A couple of nights ago I finished the third book on my list, “From a Name to a Number: A Holocaust Survivor’s Autobiography” by Alter Weiner. I have never before been so touched by a book as I have by this one. I won’t think the same way about life again. Everyone needs to read this book. Several themes from his story resonated with me, and I’m going to share them with you:


· Gratitude. I’m extremely grateful for my life in the United States as an African American female in this day and age. Yes, I face challenges now and again, but they come nowhere near to equating with the adversities the Jews experienced during Hitler’s reign. Hitler was an unstable megalomaniac. Al Weiner, the author, was forced into starvation, suffered from emaciation, lost every member of his immediate family, witnessed the murders of thousands of his counterparts, and was beaten mercilessly for asinine, groundless reasons embodied by German society. This also made me consider other pogroms, mass genocides, and events in history where people have experienced the inconceivable.

I never had to go through any of this, and if you’re reading this, you likely didn’t have to either. We certainly face challenges and hardships in our lifetime but they pale in comparison to what others endure(d), so we should be grateful for what we do have and are blessed with.

· Forgiveness. This was another salient theme for me. The fact that Al Weiner was put through so much suffering, heinous treatment, and wanton cruelty and still had no retaliating bone in his body after WWII is unbelievable.

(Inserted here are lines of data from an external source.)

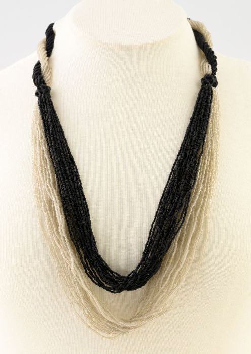 Kralencollier van drie strengen gele kralen met pare...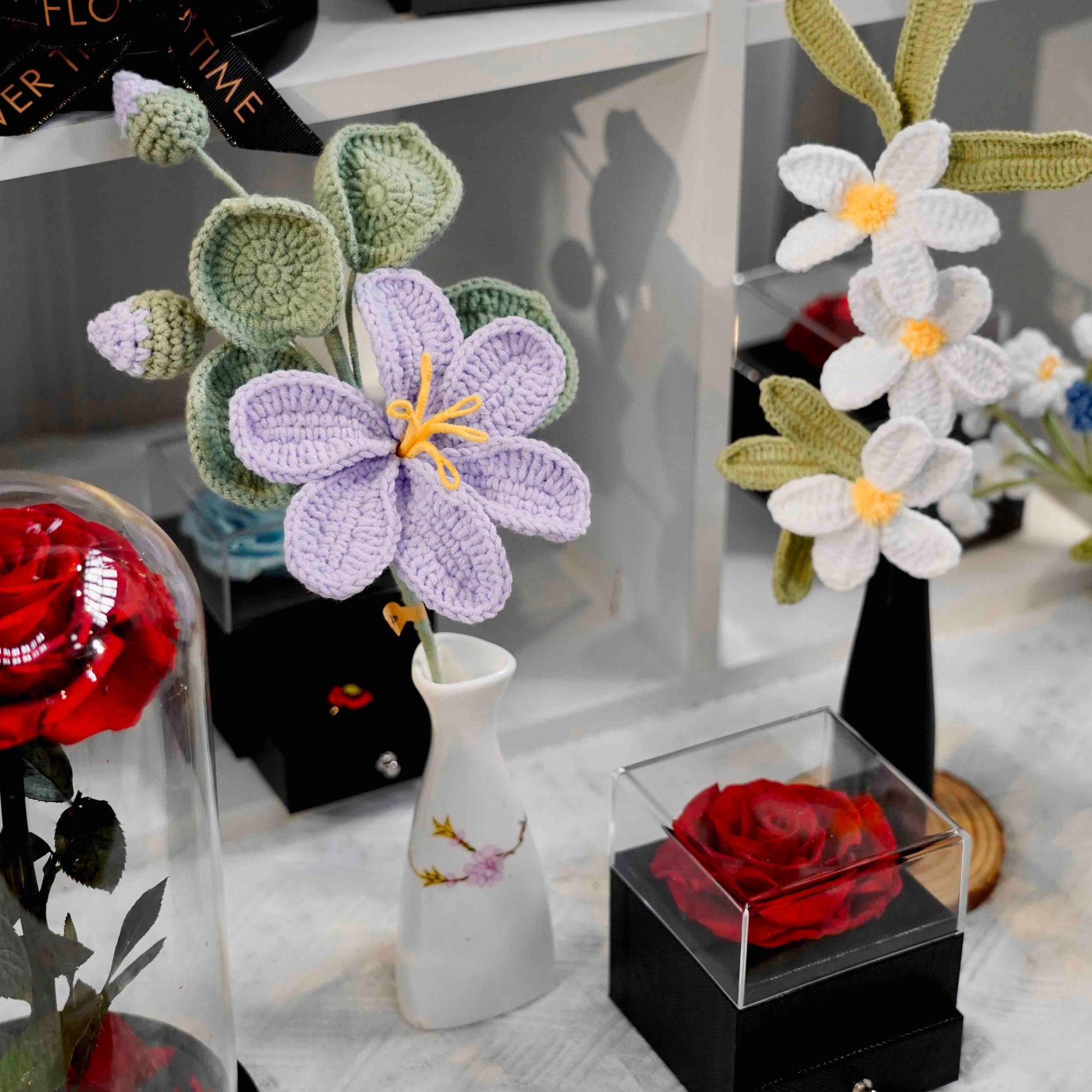 Thin wires are used in every part of the item—— including the stem, leaves, and petals. So you can easily adjust how you want the plant to look like (ie. Stem straight or wavy)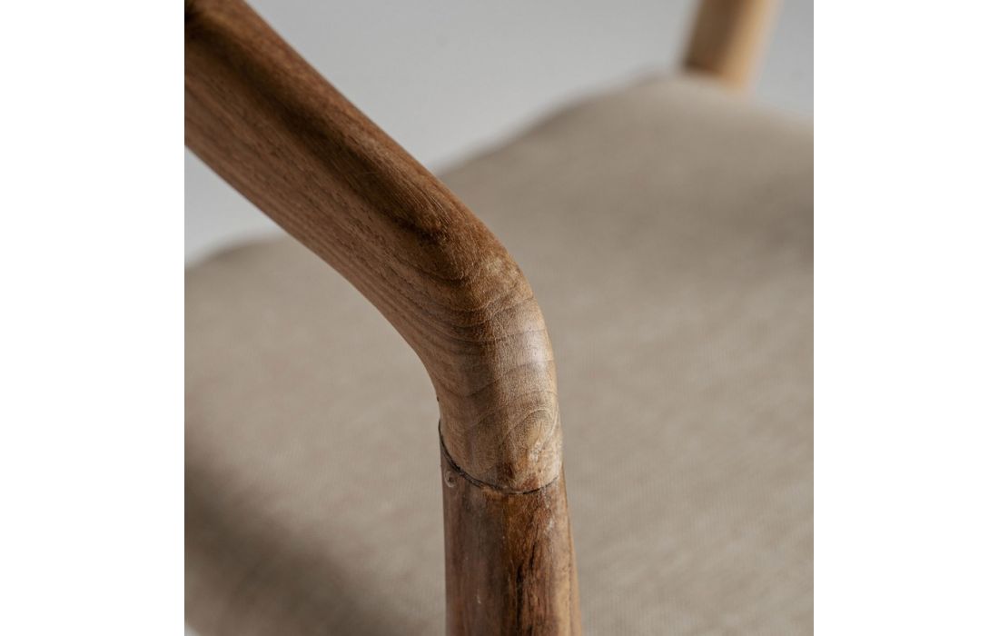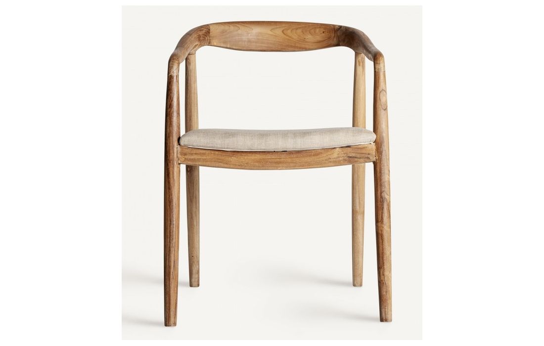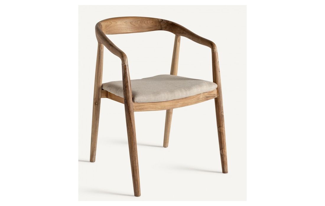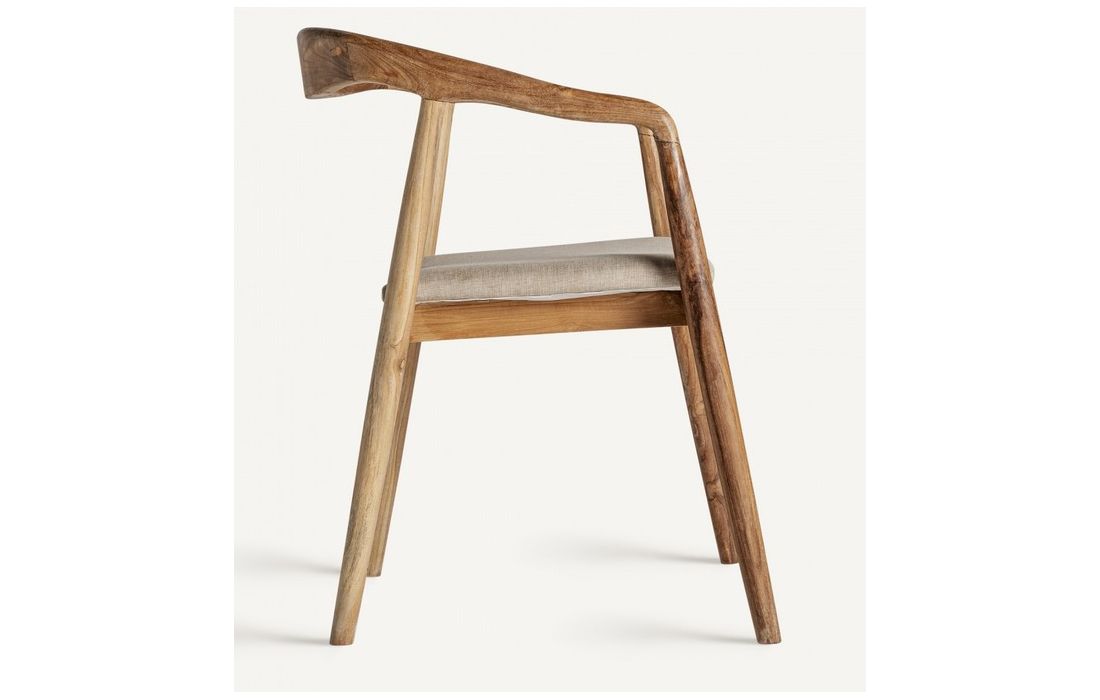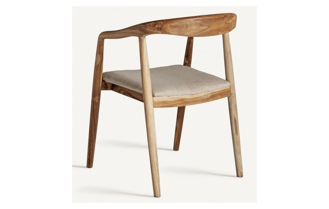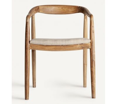 Cadeira no estilo colonial em madeira de teca em castanho e tecidoDestinatário :
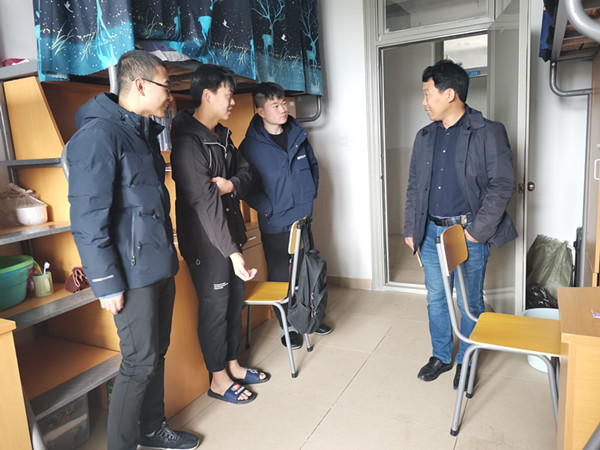 3月5日下午,学院党委副书记徐泽绵带领相关年级辅导员逐一深入到搬迁后的新宿舍走访,了解学生思想动态情况。同学们纷纷表示,新宿舍设施配备更为齐全,为大家提供了更加强劲的学习动力,同时也将在舒适的环境中以更加昂扬的精神面貌迎接新学期的学习与工作。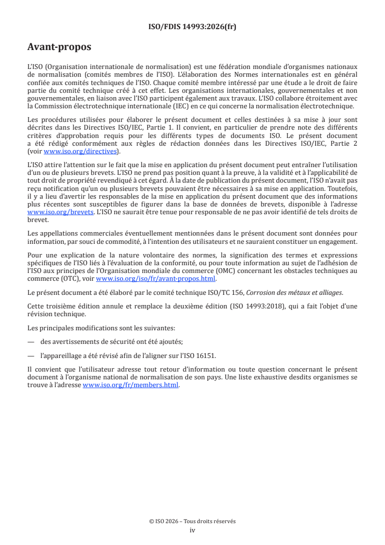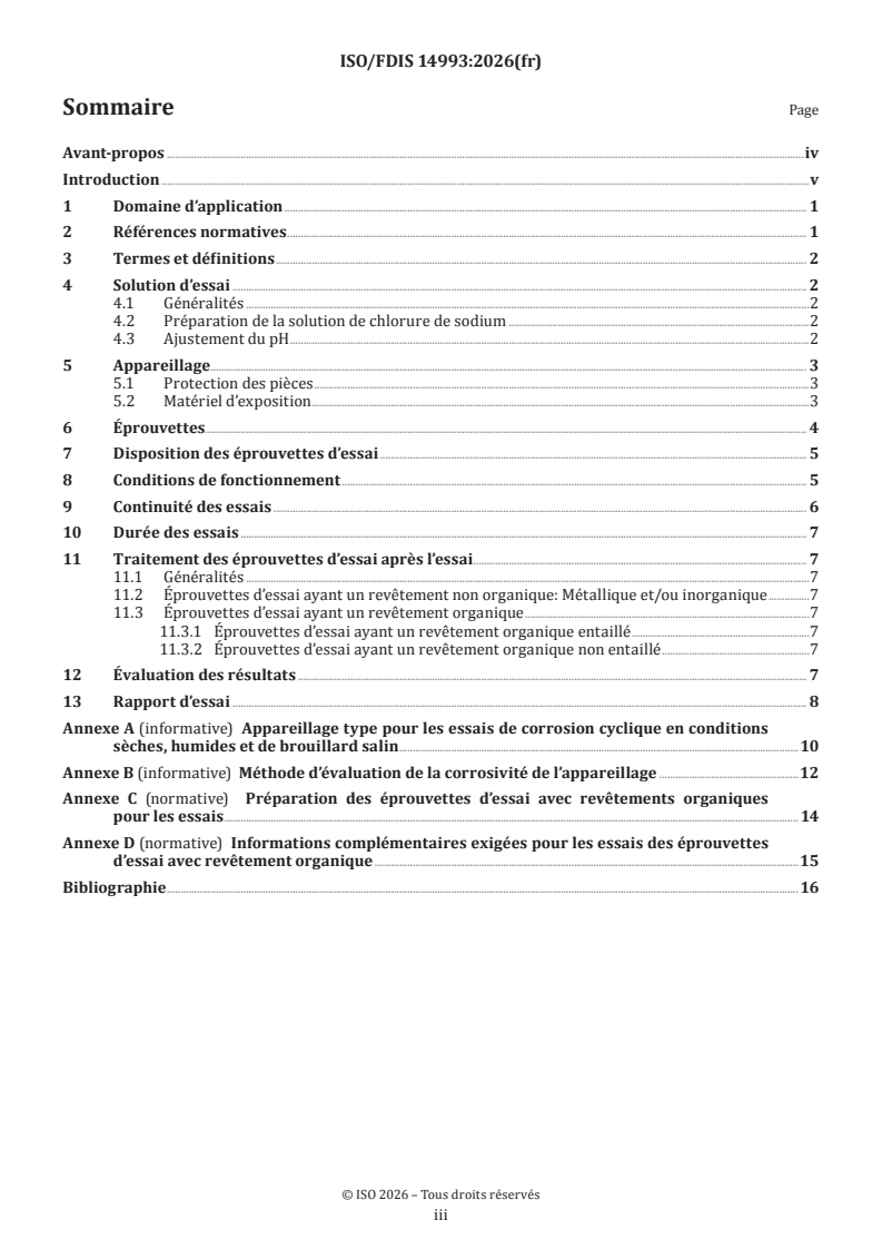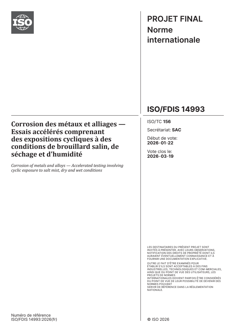 ISO/FDIS 14993 - Corrosion des métaux et alliages — Essais accélérés comprenant des expositions cycliques à des conditions de brouillard salin, de séchage et d'humidité/14/2026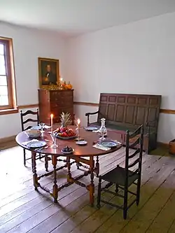 The house is furnished with much of its original furniture, including a settle bench that folds out into a bed. A table that Joseph bought from the old Chester Courthouse, the largest of its kind in the United States, still stands in the center hall of the house.[9] The name "Primitive Hall" was first recorded about 1846 but is believed to be much older.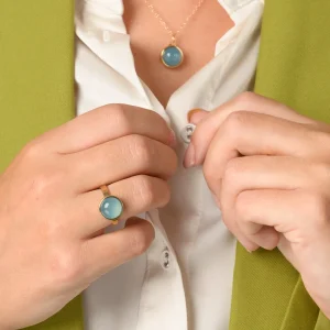 Asche Anhänger / Ascheschmuck Blauer Achat vergoldet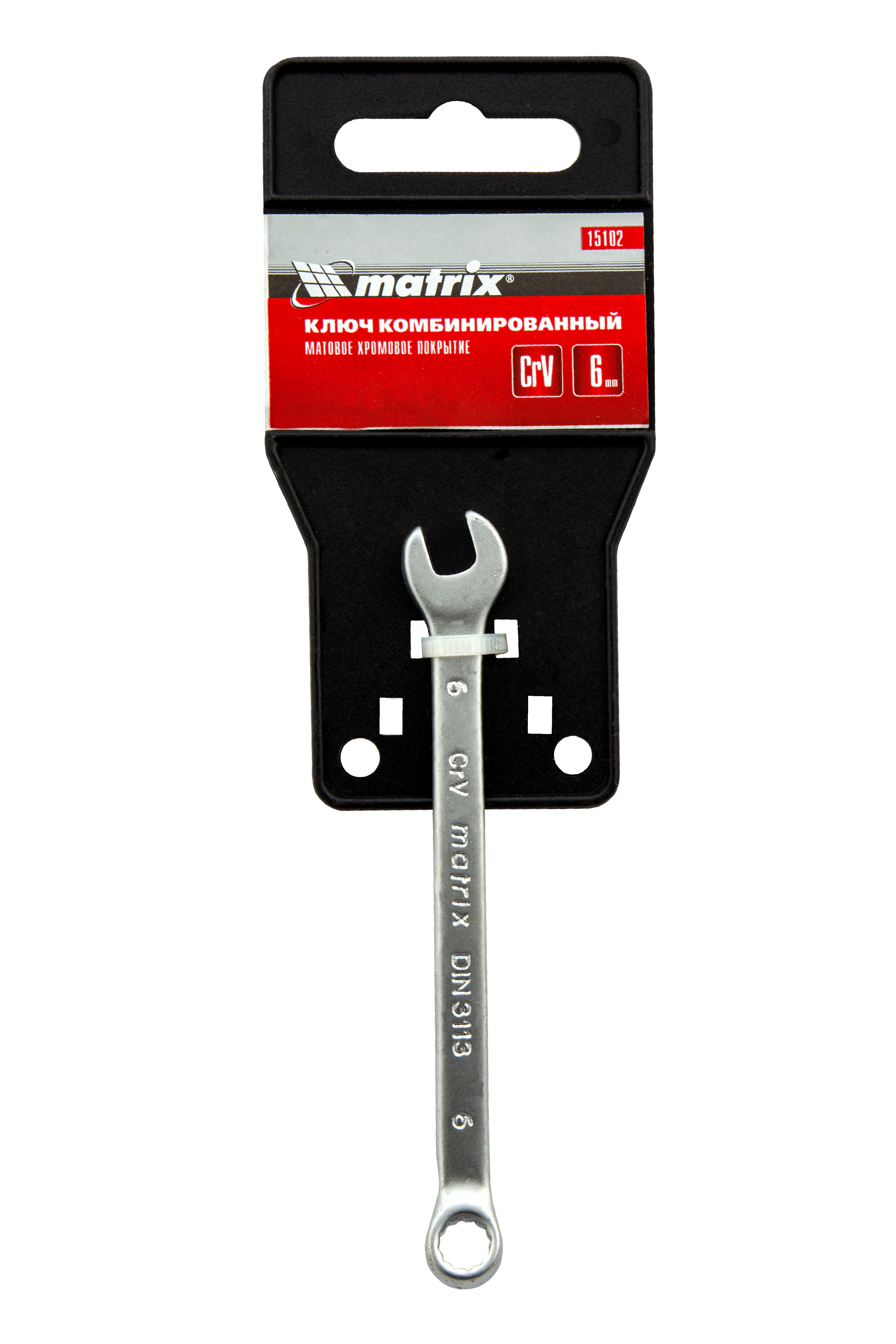 Ключ комбинированный, 6 мм, CrV, матовый хром Matrix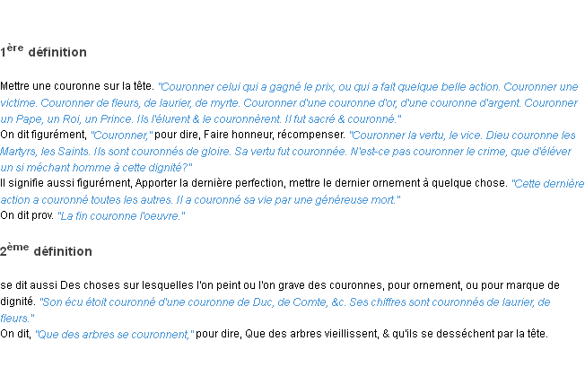 Ancienne définition de « couronner » de source académique (Académie Française, parution de 17962).Merci à Aimée et Claire pour la numérisation du mot couronner.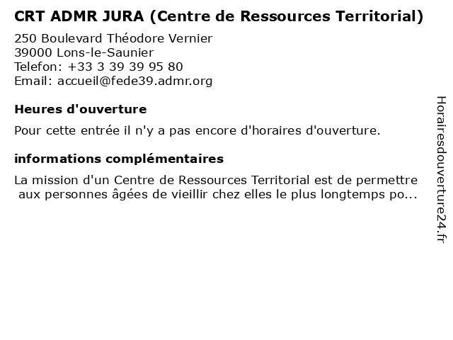 | Appeler CRT ADMR JURA (Centre de Ressources Territorial) | |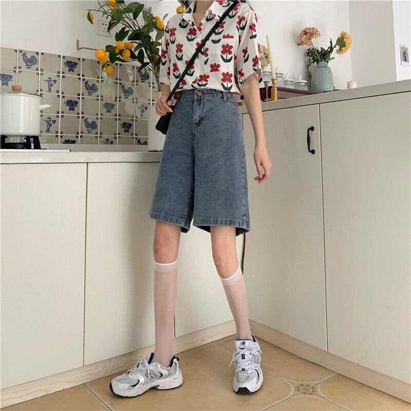 2020年夏の5点パンツレディース新香港スタイルルーズデニムショーツ学生スリムカジュアルハイウエストワイドレッグパンツ 1号婦人88563005613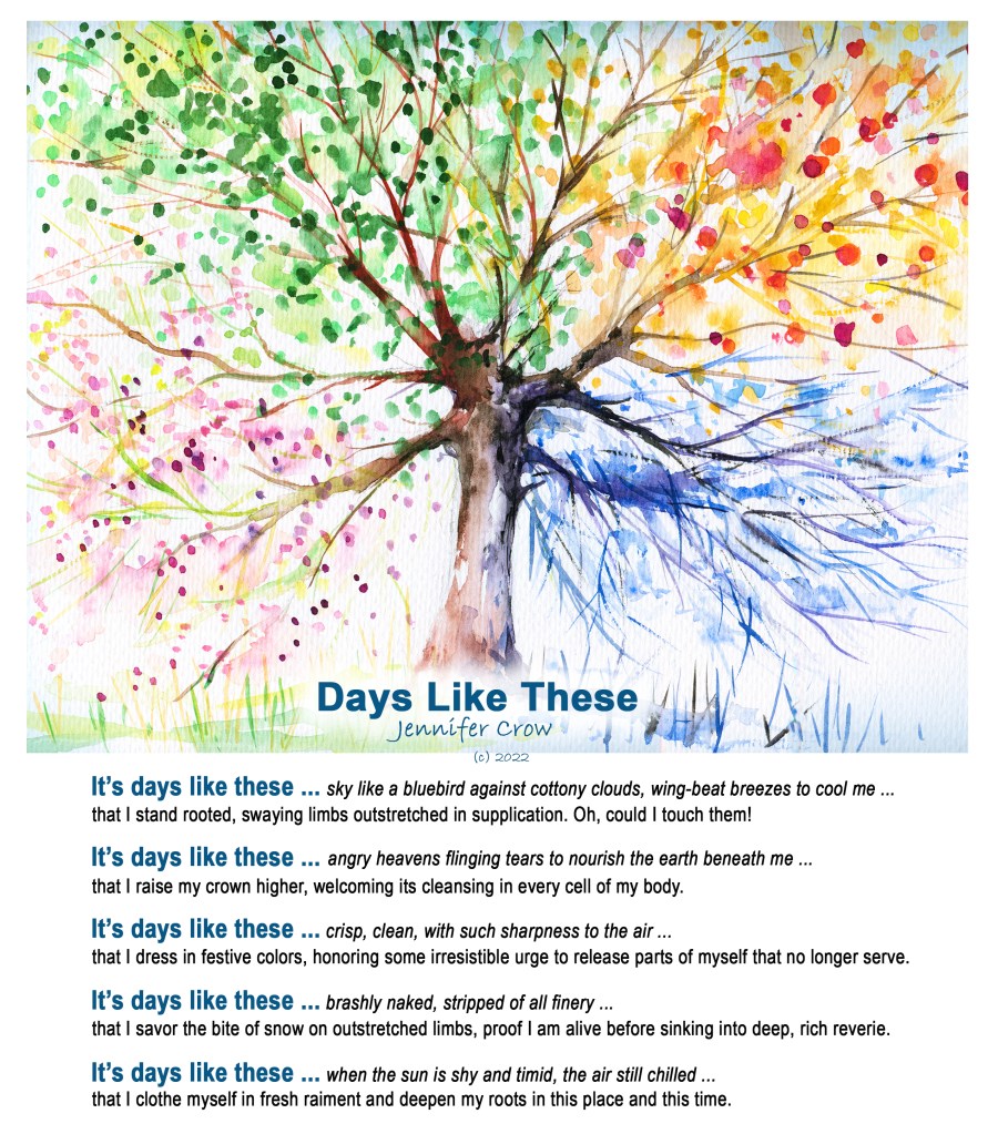 Ah, we can learn so much from nature. As I was driving up the driveway to home, this most amazing blue sky with puffy white clouds salting it, and the trees in the woods stretching upward, captured my breath. Chewing on a creative prompt to write about a tree without saying it’s a tree, and there, nature handed it right to me.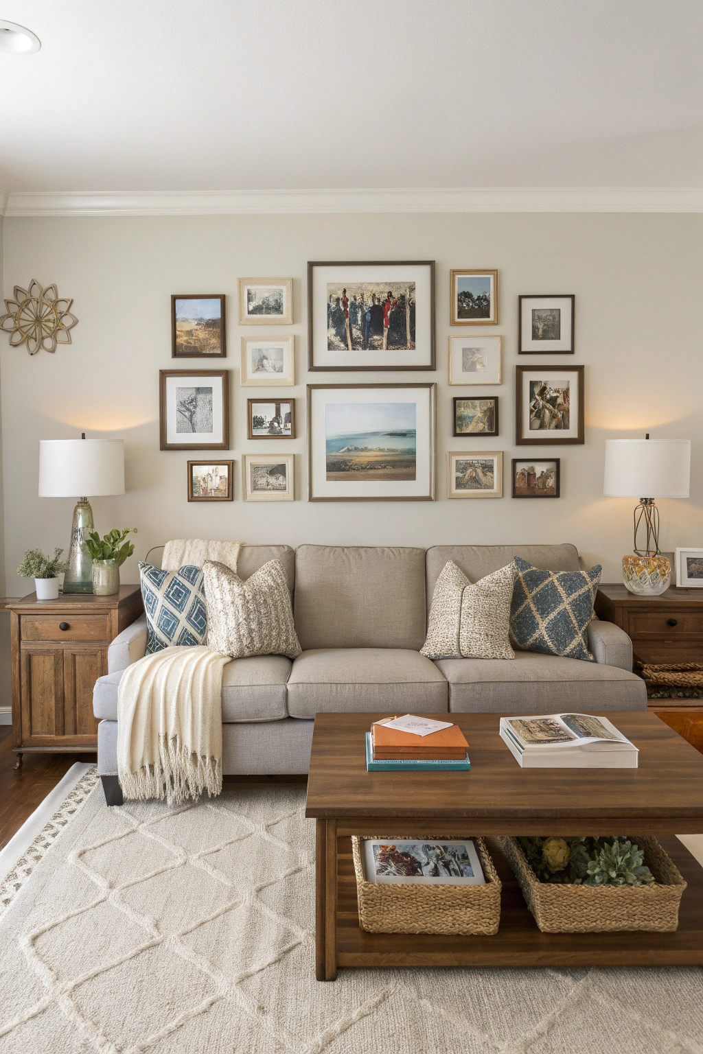 PinCreating a balanced look with symmetry sets a solid foundation, but personal touches are what truly make your living room feel like home. Add family photos in unique frames, display your favorite artwork, or incorporate travel souvenirs. Choose a few decorative items that reflect your personality, like a cozy throw blanket or stylish books. These details create warmth and invite conversation, enhancing your living space.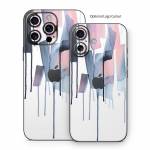 iStyles iPhone 16 Series Skin design of Gesture, Snow, Art, Freezing, Material property, Font, Fashion design, Sportswear, Electric blue, Magenta, with white, blue, pink, black colors, and tagged with patterns, abstract, nature, abstract, blue, dye, navy, paint, painting, pattern, pink, stripes, tiedye.

We hold so much bitterness in our hearts over dramatic situations (like he said/she said nonsense, getting hurt by a boyfriend/girlfriend/person you like, etc.) that seem huge to us but totally pale in comparison to the nefarious circumstances Weiner and other victims of the Holocaust suffered. Some people are even intent on killing or seriously hurting someone else over petty things (Sharkeisha is one prime example, a young man in NJ was shot by his neighbor over a parking spot – seriously?? - and more sad, sad situations). Let’s learn to forgive and forget. We'll end up feeling like a load’s been taken off our shoulders anyway.

· Indomitable character. Al Weiner preserved his faith and values even after the Holocaust. He saw the bloody corpse of his father as a child and was torn away from his family by demented Nazis…regardless, he continued practicing his Jewish faith and maintaining the values that his parents imbued him with even after his egregious experiences in the camps. Amazing.

If someone can go through so much and still have tenets of forgiveness, gratitude, respect, and other values that many Holocaust survivors may have lost, then this should inspire people to stay strong in their own beliefs and principles.